● Task to carry out: Stop at the line containing "country or probability.": write out every line from the beginning of the entries up to and including it, minus the pictures.

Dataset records
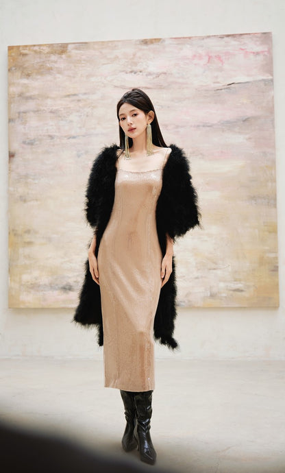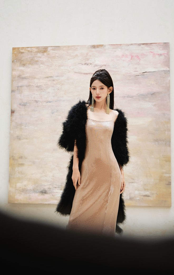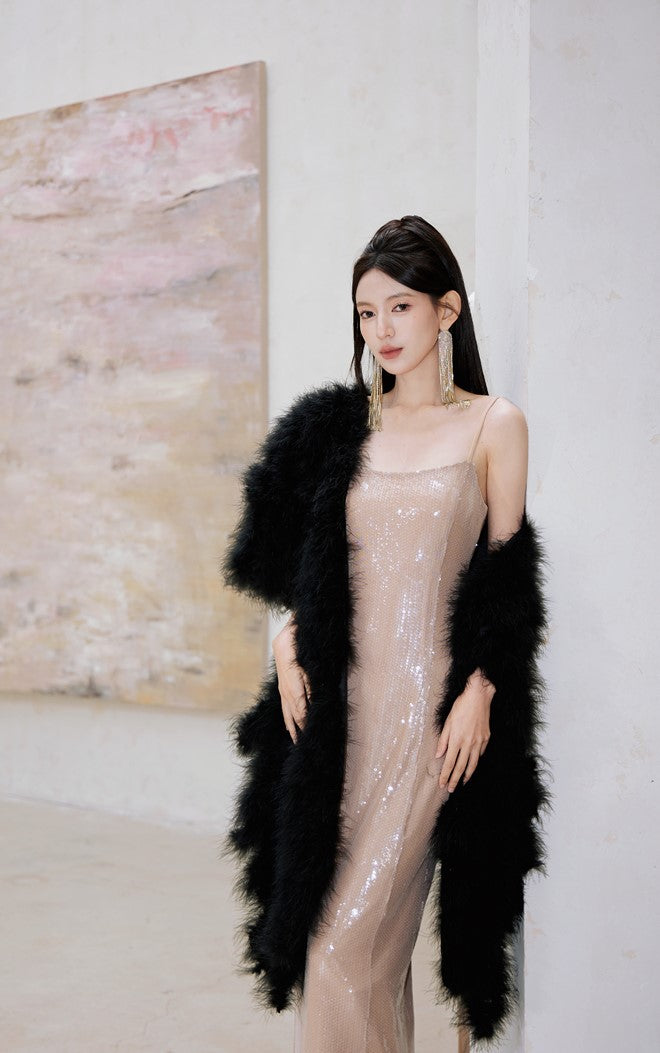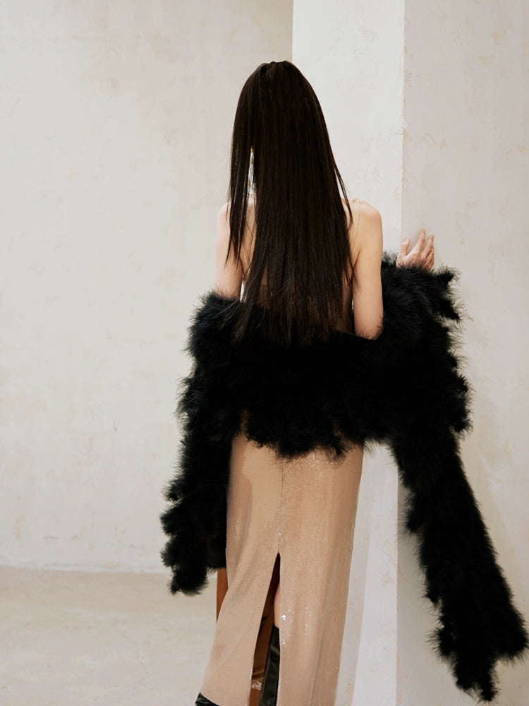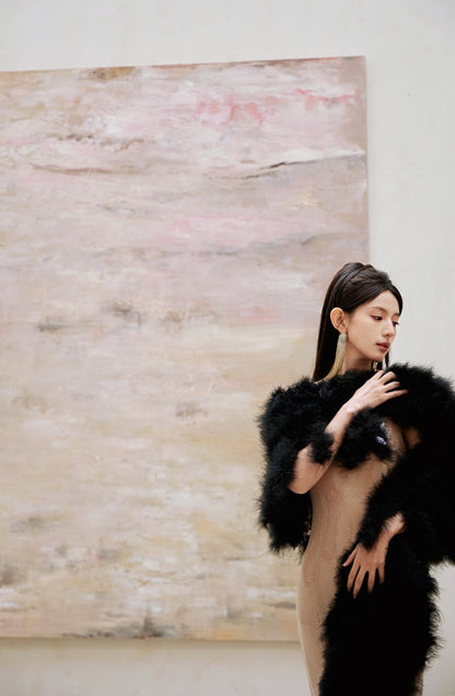 DOLLY Luxury Feather Fluffy Fur Tassel Chic Shawl-NANA
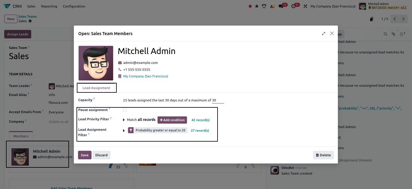 ‣ This Filter allows us to set rules to control which Leads to be assigned to a Salesperson, depending on criteria such as country or probability.
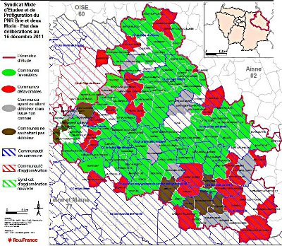 Les communes en rouge ont refusé d’adhérer au syndicat qui va construire la charte. Elles pourront le rejoindre par la suite avant le démarrage du PNR. On espère bien que certaines changeront d’avis. Mais cela ne pourra pas être contre leur gré évidemment.
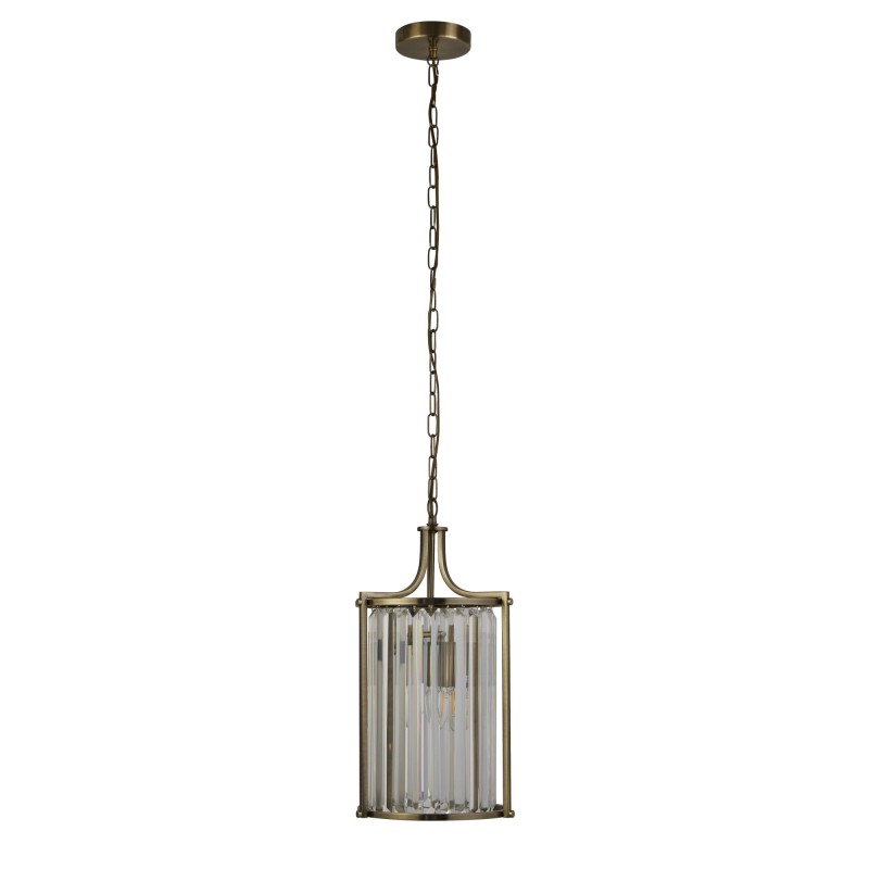 Jednoduchý závěsný lustr VICTORIA zaujme svým originálním zpracováním z klasických materiálů, kdy je kov v luxusním provedení kombinován s čirým jemně broušeným křišťálovým sklem. Stínidlo svítidla je tvořeno kovovou konstrukcí v barvě antická měď (patina) v kulatém tvaru o průměru 26cm a výšce 47cm. Štíhlé stínidlo tvoří jemná ocelová konstrukce, ve které jsou fixovány broušené ověsy ve tvaru trojhranu z čirého křišťálového skla. Luxusní kombinace křišťálových ověsů a patina dotváří celkový hřejivý dojem a třpyt křišťálů dodá svítidlu vyjímečný glamour nádech.
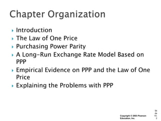 This document discusses theories of long-run exchange rates, including purchasing power parity (PPP) and the law of one price. It provides empirical evidence that PPP does not perfectly hold in reality due to trade barriers, departures from perfect competition, and differences in measuring price levels across countries. The document also examines a monetary model of exchange rates and how changes in money supplies, interest rates, and output can impact nominal and real exchange rates in the long run.
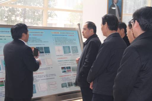 随后,尹书记一行参观是实验室筹建初期建立的LB膜实验室和目前居于国际先进水平的纳米压印实验室。尹书记对实验室的建设给予高度的评价。他鼓励实验室科研人员再接再厉,解决河南发展中面临的能源、材料等领域的关键科学问题,为河南经济社会发展做出更大的贡献。
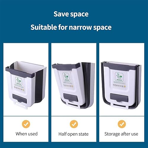 Poubelle Pliante - Poubelle Mince 2,6 gallons - Petite Poubelle 10 l avec conteneur Sac Poubelle pour Porte d'armoire, Voiture, Chambre, Salle Bain, Cuisine, Bureau
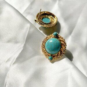 Beautiful Vintage French Designer stud Earrings Turquoise stone Zircon women
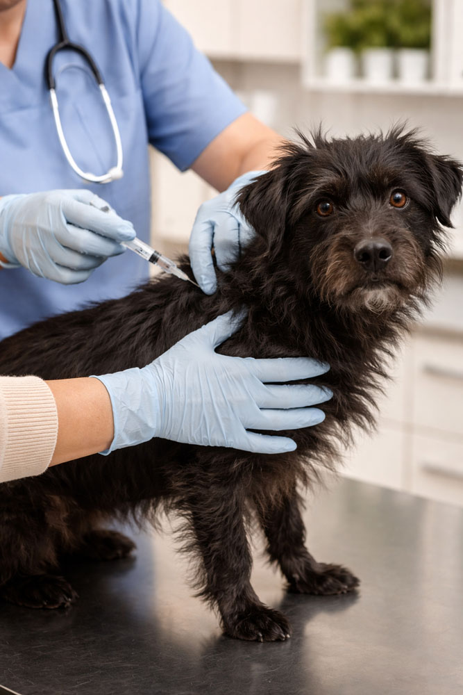 Vacina intranasal: É aplicada nas narinas dos animais, em forma de gotas. A maioria precisa de apenas uma dose inicial e segue com reforços anuais.

● Your solution:
 DOLLY Luxury Feather Fluffy Fur Tassel Chic Shawl-NANA
 ‣ This Filter allows us to set rules to control which Leads to be assigned to a Salesperson, depending on criteria such as country or probability.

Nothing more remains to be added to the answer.